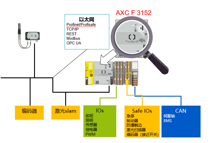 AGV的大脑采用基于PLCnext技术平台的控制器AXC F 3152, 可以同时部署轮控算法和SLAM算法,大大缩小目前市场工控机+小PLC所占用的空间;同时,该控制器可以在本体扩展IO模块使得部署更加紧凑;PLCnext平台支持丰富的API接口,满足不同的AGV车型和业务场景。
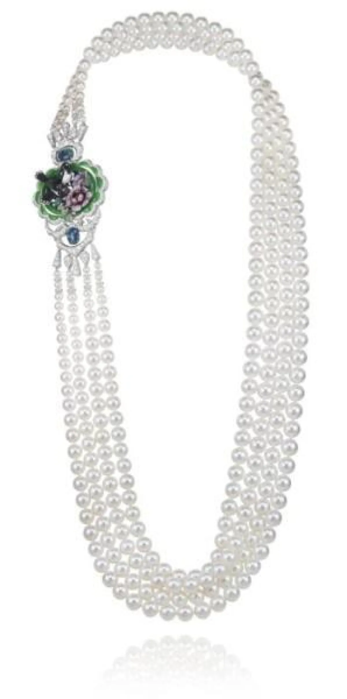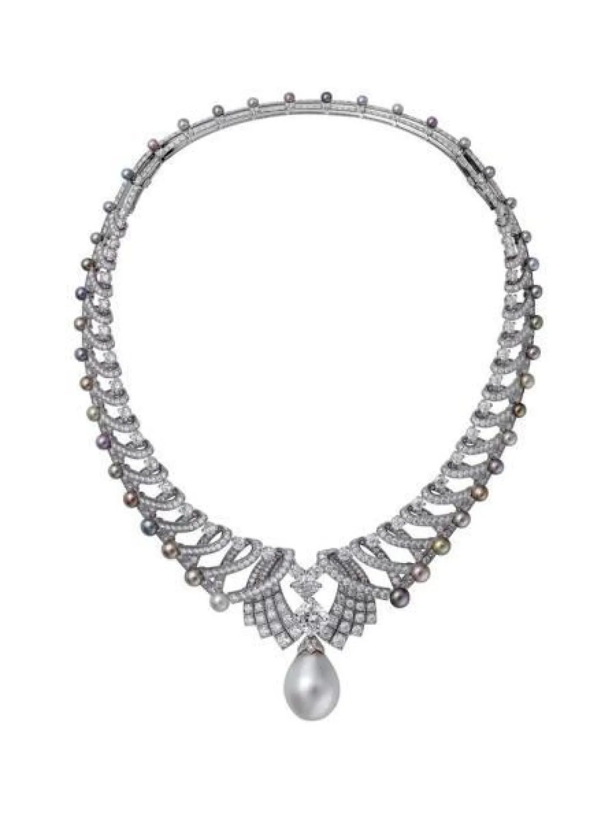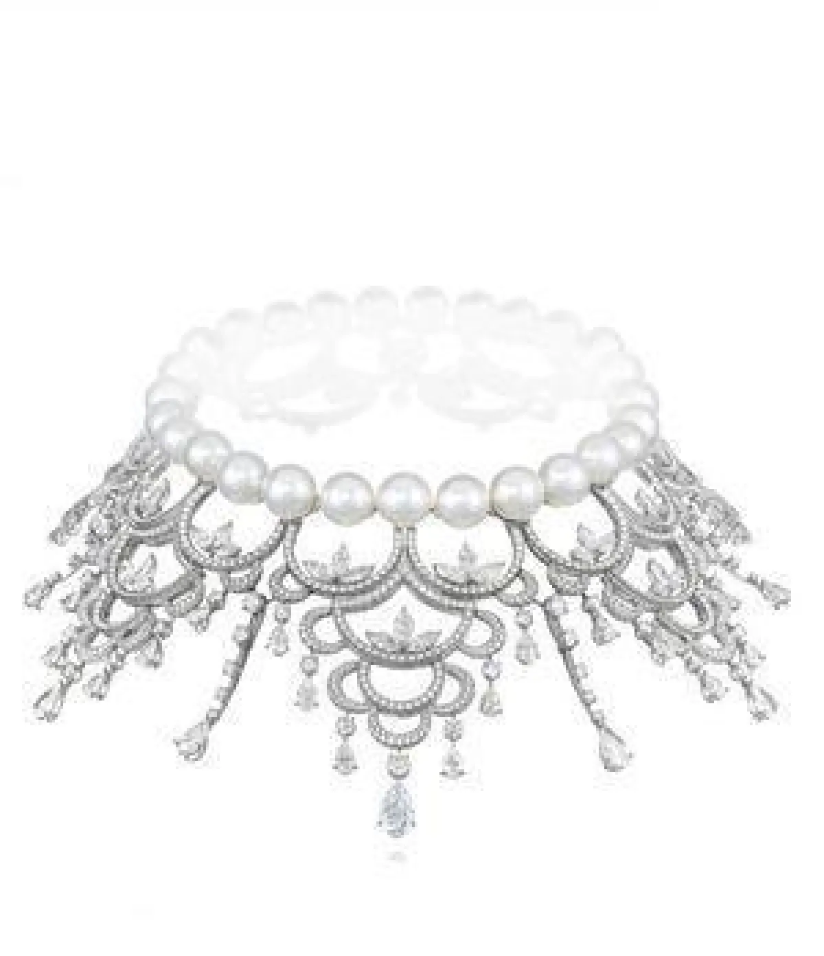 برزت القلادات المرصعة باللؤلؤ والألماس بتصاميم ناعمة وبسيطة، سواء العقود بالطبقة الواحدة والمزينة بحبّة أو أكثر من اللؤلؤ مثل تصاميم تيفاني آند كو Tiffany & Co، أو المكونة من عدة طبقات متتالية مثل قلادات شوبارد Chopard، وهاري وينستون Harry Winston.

---

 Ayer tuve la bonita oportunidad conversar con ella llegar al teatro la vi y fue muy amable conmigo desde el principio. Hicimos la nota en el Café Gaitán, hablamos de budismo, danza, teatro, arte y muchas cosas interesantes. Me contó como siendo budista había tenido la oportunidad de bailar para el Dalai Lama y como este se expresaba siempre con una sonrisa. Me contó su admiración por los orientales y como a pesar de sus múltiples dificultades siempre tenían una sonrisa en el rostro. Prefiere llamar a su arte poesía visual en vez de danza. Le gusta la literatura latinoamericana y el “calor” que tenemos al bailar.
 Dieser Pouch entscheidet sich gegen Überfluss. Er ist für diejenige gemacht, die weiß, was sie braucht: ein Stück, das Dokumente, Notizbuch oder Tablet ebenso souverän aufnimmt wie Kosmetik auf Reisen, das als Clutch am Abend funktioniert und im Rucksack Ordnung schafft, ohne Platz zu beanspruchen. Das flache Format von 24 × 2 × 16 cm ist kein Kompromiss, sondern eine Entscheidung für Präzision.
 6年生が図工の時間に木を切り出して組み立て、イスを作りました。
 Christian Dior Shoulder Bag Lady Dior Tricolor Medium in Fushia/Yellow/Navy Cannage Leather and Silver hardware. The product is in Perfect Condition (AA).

• YOUR GOAL
Quote the listing above, but only from the line that shows "Ayer tuve la" through the line that shows "Christian Dior Shoulder".

• TASK ANSWER
 Ayer tuve la bonita oportunidad conversar con ella llegar al teatro la vi y fue muy amable conmigo desde el principio. Hicimos la nota en el Café Gaitán, hablamos de budismo, danza, teatro, arte y muchas cosas interesantes. Me contó como siendo budista había tenido la oportunidad de bailar para el Dalai Lama y como este se expresaba siempre con una sonrisa. Me contó su admiración por los orientales y como a pesar de sus múltiples dificultades siempre tenían una sonrisa en el rostro. Prefiere llamar a su arte poesía visual en vez de danza. Le gusta la literatura latinoamericana y el “calor” que tenemos al bailar.
 Dieser Pouch entscheidet sich gegen Überfluss. Er ist für diejenige gemacht, die weiß, was sie braucht: ein Stück, das Dokumente, Notizbuch oder Tablet ebenso souverän aufnimmt wie Kosmetik auf Reisen, das als Clutch am Abend funktioniert und im Rucksack Ordnung schafft, ohne Platz zu beanspruchen. Das flache Format von 24 × 2 × 16 cm ist kein Kompromiss, sondern eine Entscheidung für Präzision.
 6年生が図工の時間に木を切り出して組み立て、イスを作りました。
 Christian Dior Shoulder Bag Lady Dior Tricolor Medium in Fushia/Yellow/Navy Cannage Leather and Silver hardware. The product is in Perfect Condition (AA).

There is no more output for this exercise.